What do poor land farmers do • When yams cost 3 times as much as fish, poor land farmers are just indifferent between specializing in fish and trading in the market or producing some fish and some yams. Unlike the rich land farmers, they don’t gain (or lose) by specializing. But they do need to either trade or diversify to equalize yams and fish. Best they can do is spend 15 hours fishing and 45 hours growing yams. Then they get 15 units of each good.
Suppose that in the rest of the world, outside of North Potato, yams trade for slightly more than one yam per fish. What would happen if North Potato opened up to trade?
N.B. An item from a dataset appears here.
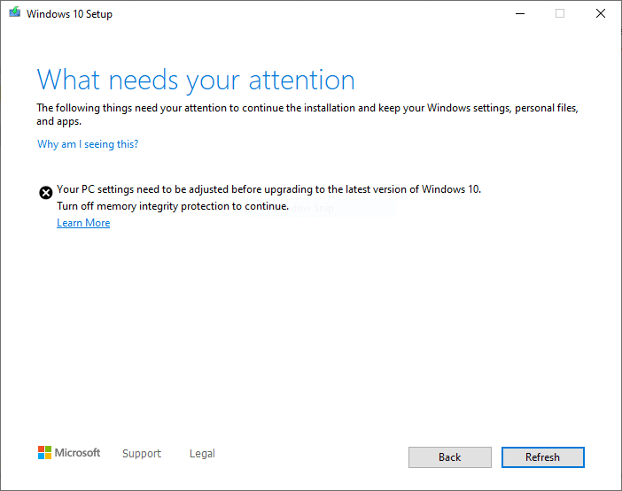 在升級到最新版本的 Windows 11 之前,需要調整您的電腦設置。關閉“內存集成保護”以繼續

Price of yams would fall to about one fish per yam. • Who would benefit? • Poor land farmers, Why? • Now they can specialize in fish, and buy their yams for one fish per yam rather than 3 fish per yam • Who would lose? • Rich land farmers, Why? • They can no longer get 3 fish per yam, since poor land farmers can buy them abroad at 1 fish per yam.
With world trade, and prices of one fish per yam, poor land farmers can specialize in fish, buy yams for one fish and consume 30 fish and 30 yams. Without free trade, prices of yams were 3 fish and they could onlyconsume 15 fish and 15 yams.Poor land famers gain.
What about rich land farmers? • Before international trade, they specialized in yams and sold yams at a price of 3 fish per yam. • They were able to consume 45 units of fish and 45 units of yams. • Now price of yams falls to 1 fish. • They are now indifferent between specializing in yams or spending some time in each activity. • Either way they can only get 30 fish and 30 yams. • They are worse off.
Free trade doesn’t always benefit everybody • Typical argument: Rich land farmers would complain that “Unfair competition is ruining our way of life”. Taking the profit out of agriculture. • They do not experience the benefits of trade.
Comparing gains and losses • Without world trade, 100 rich land farmers were able to consume 45 yams and 45 fish, while 900 poor land farmers could consume only 15 yams and 15 fish. • With world trade, all 1000 residents consume 30 yams and 30 fish. • Total gains of winners exceed total losses of losers. • Could winners “buy off” losers to get free world trade adopted?